Spark 4.0.0 is supported in the version `0.1.11` and later (need Java 17 and Scala 2.13).

## Installation

Binary package is available in the Maven Central Repository.


- **Spark 3.5.***: com.stabrise:spark-pdf-spark35_2.12:0.1.14
- **Spark 3.4.***: com.stabrise:spark-pdf-spark34_2.12:0.1.11
- **Spark 3.3.***: com.stabrise:spark-pdf-spark33_2.12:0.1.11
- **Spark 4.0.***: com.stabrise:spark-pdf-spark34_2.13:0.1.11

## Options for the data source:

- `imageType`: Oputput image type. Can be: "BINARY", "GREY", "RGB". Default: "RGB".
- `resolution`: Resolution for rendering PDF page to the image. Default: "300" dpi.
- `pagePerPartition`: Number pages per partition in Spark DataFrame. Default: "5".
- `reader`: Supports: `pdfBox` - based on PdfBox java lib, `gs` - based on GhostScript (need installation GhostScipt to the system)
- `ocrConfig`: Tesseract OCR configuration. Default: "psm=3". For more information see [Tesseract OCR Params](TesseractParams.md)

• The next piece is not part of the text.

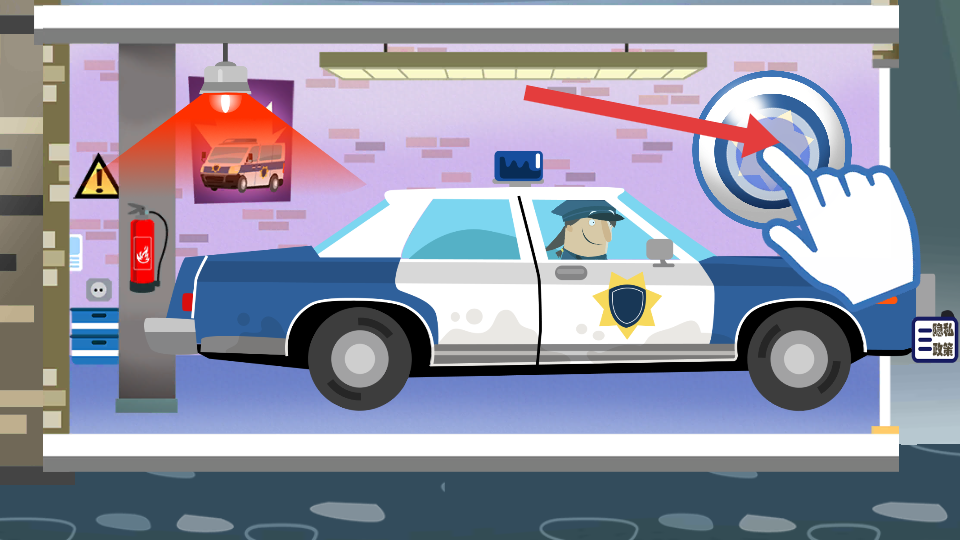 1、车库场景点击右侧圆形按钮,启动警车出发,熟悉虚拟按键或滑动控制方向,避开相关的障碍。
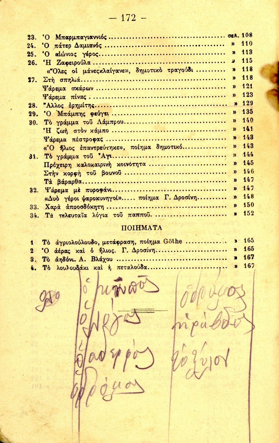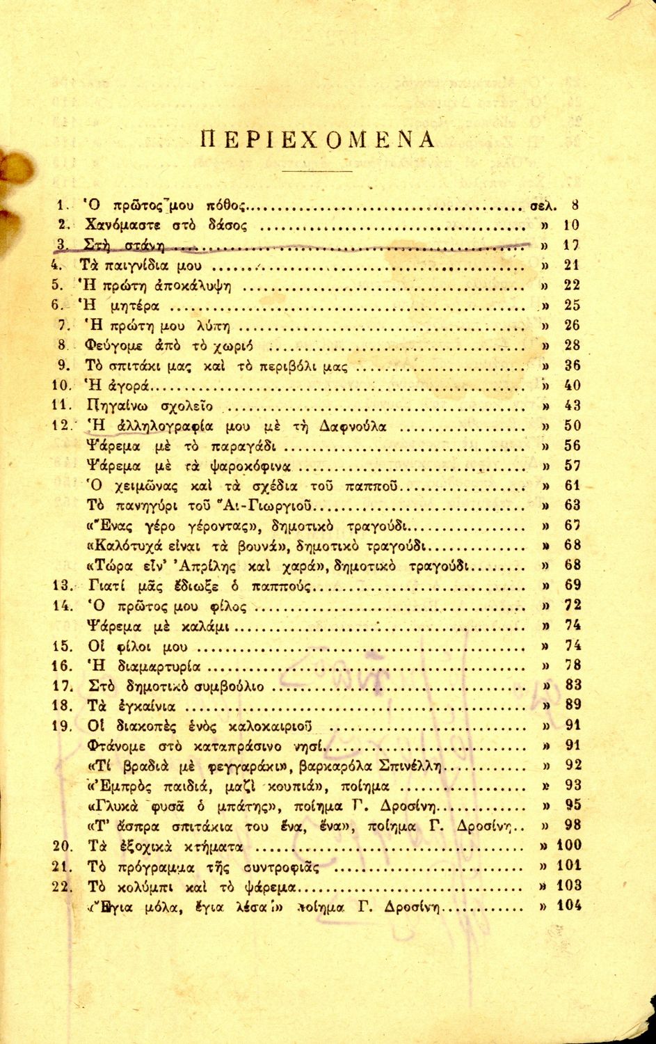 Αναγνωστικό Γ΄ Δημοτικού που περιλαμβάνει διηγήματα εμπνευσμένα από την οικογενειακή ζωή, την ελληνική ύπαιθρο, τις διαπροσωπικές σχέσεις και τα επαγγέλματα και τις ασχολίες των ανθρώπων. Περιέχει και 6 τραγούδια με τις παρτιτούρες τους.

## Output Columns in the DataFrame:

The DataFrame contains the following columns:

- `path`: path to the file
- `page_number`: page number of the document
- `text`: extracted text from the text layer of the PDF page
- `image`: image representation of the page
- `document`: the OCR-extracted text from the rendered image (calls Tesseract OCR)
- `partition_number`: partition number

Output Schema:

```agsl
root
 |-- path: string (nullable = true)
 |-- filename: string (nullable = true)
 |-- page_number: integer (nullable = true)
 |-- partition_number: integer (nullable = true)
 |-- text: string (nullable = true)
 |-- image: struct (nullable = true)
 |    |-- path: string (nullable = true)
 |    |-- resolution: integer (nullable = true)
 |    |-- data: binary (nullable = true)
 |    |-- imageType: string (nullable = true)
 |    |-- exception: string (nullable = true)
 |    |-- height: integer (nullable = true)
 |    |-- width: integer (nullable = true)
 |-- document: struct (nullable = true)
 |    |-- path: string (nullable = true)
 |    |-- text: string (nullable = true)
 |    |-- outputType: string (nullable = true)
 |    |-- bBoxes: array (nullable = true)
 |    |    |-- element: struct (containsNull = true)
 |    |    |    |-- text: string (nullable = true)
 |    |    |    |-- score: float (nullable = true)
 |    |    |    |-- x: integer (nullable = true)
 |    |    |    |-- y: integer (nullable = true)
 |    |    |    |-- width: integer (nullable = true)
 |    |    |    |-- height: integer (nullable = true)
 |    |-- exception: string (nullable = true)
```
## Example of usage

### Scala

```scala
import org.apache.spark.sql.SparkSession

val spark = SparkSession.builder()
  .appName("Spark PDF Example")
  .master("local[*]")
  .config("spark.jars.packages", "com.stabrise:spark-pdf-spark35_2.12:0.1.11")
  .getOrCreate()
  
val df = spark.read.format("pdf")
  .option("imageType", "BINARY")
  .option("resolution", "200")
  .option("pagePerPartition", "2")
  .option("reader", "pdfBox")
  .option("ocrConfig", "psm=11")
  .load("path to the pdf file(s)")

df.select("path", "document").show()
```

### Python

```python
from pyspark.sql import SparkSession

spark = SparkSession.builder \
    .master("local[*]") \
    .appName("SparkPdf") \
    .config("spark.jars.packages", "com.stabrise:spark-pdf-python-spark35_2.12:0.1.11") \
    .getOrCreate()

df = spark.read.format("pdf") \
    .option("imageType", "BINARY") \
    .option("resolution", "200") \
    .option("pagePerPartition", "2") \
    .option("reader", "pdfBox") \
    .option("ocrConfig", "psm=11") \
    .load("path to the pdf file(s)")

df.select("path", "document").show()
```

## Disclaimer

This project is not affiliated with, endorsed by, or connected to the Apache Software Foundation or Apache Spark.